Le rappel que « la directive est fondée sur le principe du pays d’origine, qui garantit la liberté de retransmettre par-delà les frontières », d’abord : qu’il s’agisse de programmation / exposition des œuvres françaises et européennes, de publicité ou encore de visibilité dans les environnements connectés, ce quasi-dogme empêche le droit français de rapprocher les règles qui s’appliquent aux chaînes et plateformes de SVoD étrangères visant le marché hexagonal, de celles auxquelles sont soumis les éditeurs nationaux. Les obligations de contribution à la production y constituent, depuis 2018, une – très notable et bienvenue – exception ; c’est bien dans le sens d’un élargissement de l’application du principe du pays de destination que les Français militeront. Mais ils n’auront manifestement pas cause entendue.
Dans le même temps, le texte de la Commission évoque à plusieurs reprises la volonté de simplifier les règles de la Directive SMA. Si elle aboutit, cette simplification allégerait encore le [seul] dispositif auquel sont soumis les acteurs globaux, dont les sièges européens privilégient les Etats qui ne vont pas au-delà d’une transposition au plus juste du minimum réglementaire commun. Elle n’aurait pas d’effet, en revanche, sur le cadre Français, et sur la surtransposition qui le caractérise avec constance depuis la première Directive Télévision sans Frontière de 1989.
Au final, le risque est bien que les asymétries se trouvent amplifiées plutôt que diminuées. CQFPD (Ce Qu’il ne Fallait Pas Démontrer) …
La « grande loi audiovisuelle », que le député Jérémie Patrier-Leitus appelait de ses vœux le 25 novembre au matin, lors des Rencontres de l’ACCES, serait un premier moyen l’éviter, en faisant faire au cadre national une partie du chemin vers la convergence.
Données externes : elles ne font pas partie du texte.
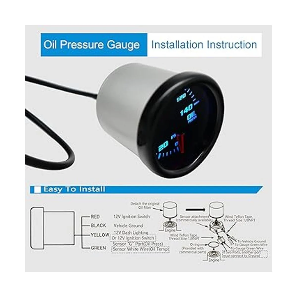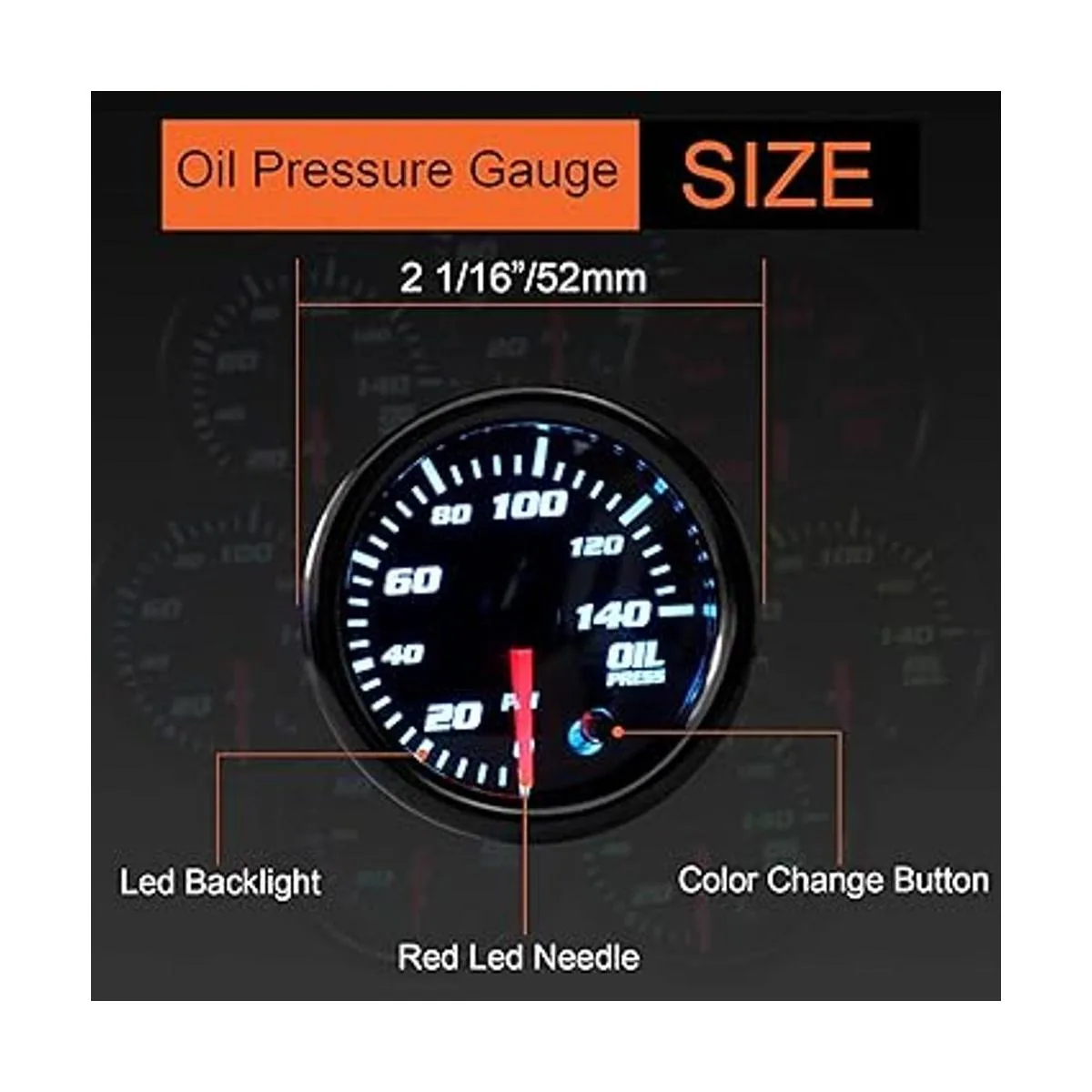 Lecturas de presión de aceite de 0 a 140 PSI 21/16 pulgadas 2.047 in, lente tintada y aguja roja iluminada añadirán un aspecto elegante y nuevo. Cuando entres en un oscurecimiento completo creará un aspecto sigiloso único y personalizado.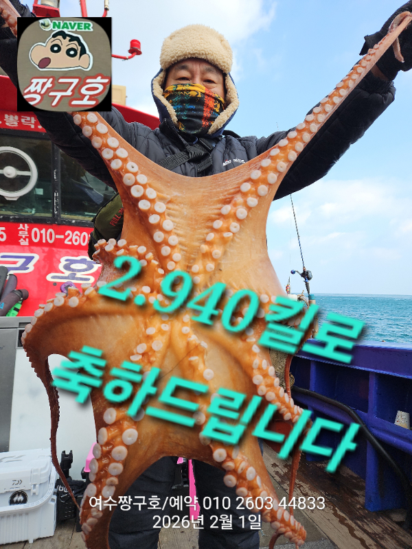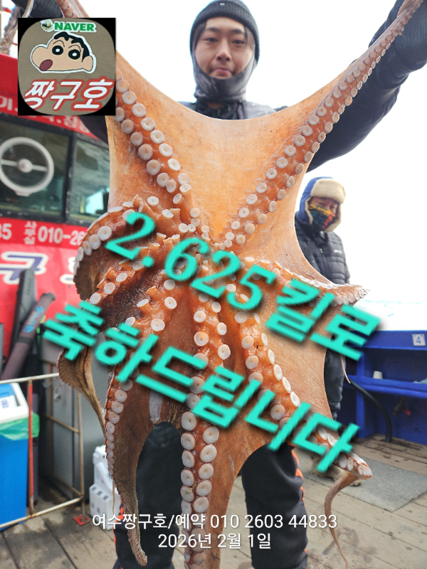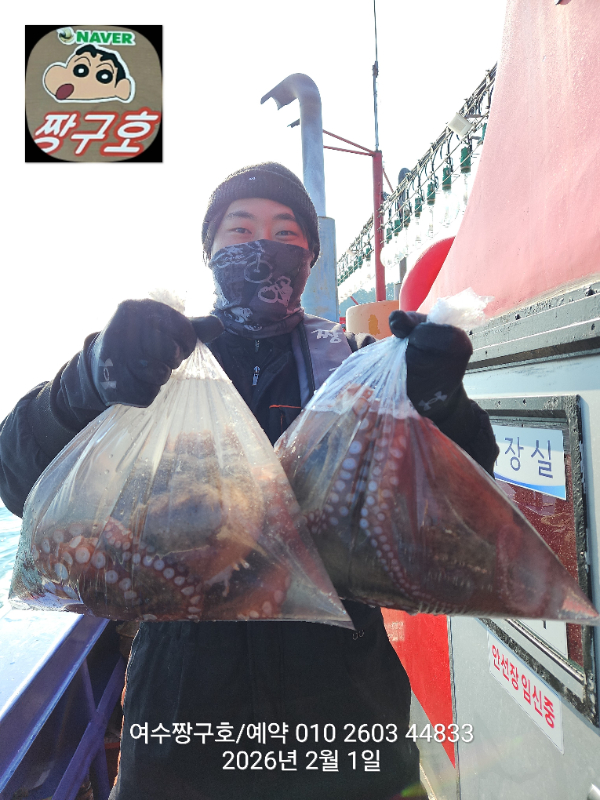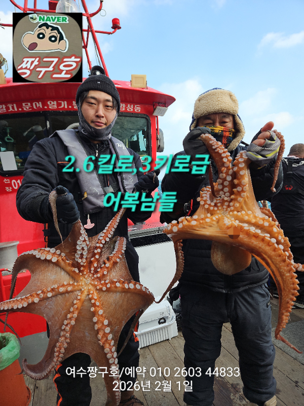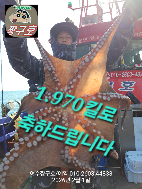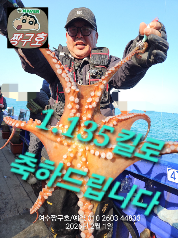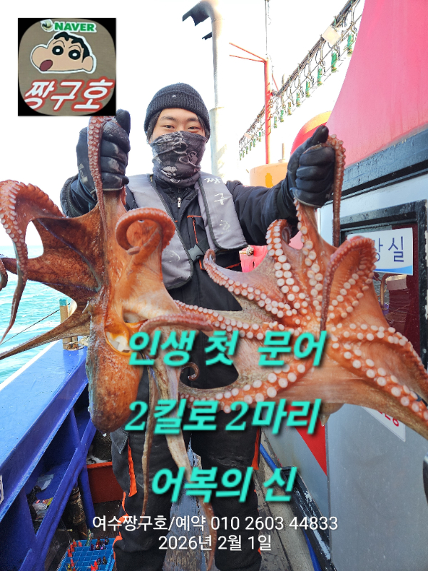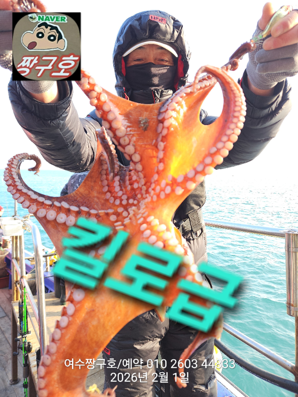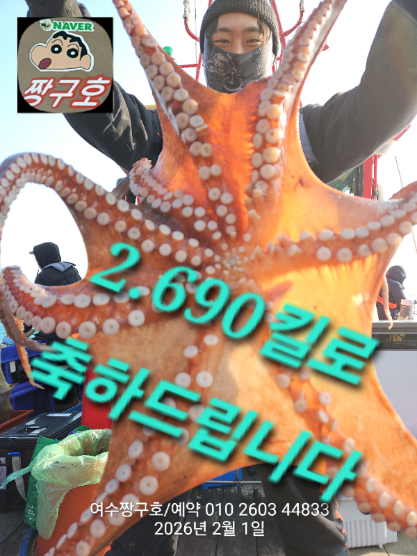 | 제목 : 여수 짱구호 1일(일) k왕문어 초대박 조황(6수) 2.94k 2.69k 2.62k 1.97k 1.13k 1.0k | ||

Mais dans le paysage parlementaire hyper fragmenté d’après dissolution, cela nécessiterait une capacité à la recherche du consensus dont les députés n’ont pas fait la preuve ces derniers mois, lors de la discussion de la proposition de loi Lafon notamment.
La même capacité de rassemblement, au Parlement européen et dans les négociations des Etats-membres avec la Commission, serait aussi la meilleure façon de peser sur l’évolution de la Directive.
Dire que ni l’un ni l’autre ne sont garantis tient de l’euphémisme, alors même que l’approche des élections municipales (15 et 22 mars) devrait amener en début d’année à un changement de titulaire au ministère de la Culture.
A l’heure où se bouclent les lettres au Père Noël, cette double cohésion, au niveau national et au niveau communautaire, permet de nourrir la liste des vœux que l’on peut formuler.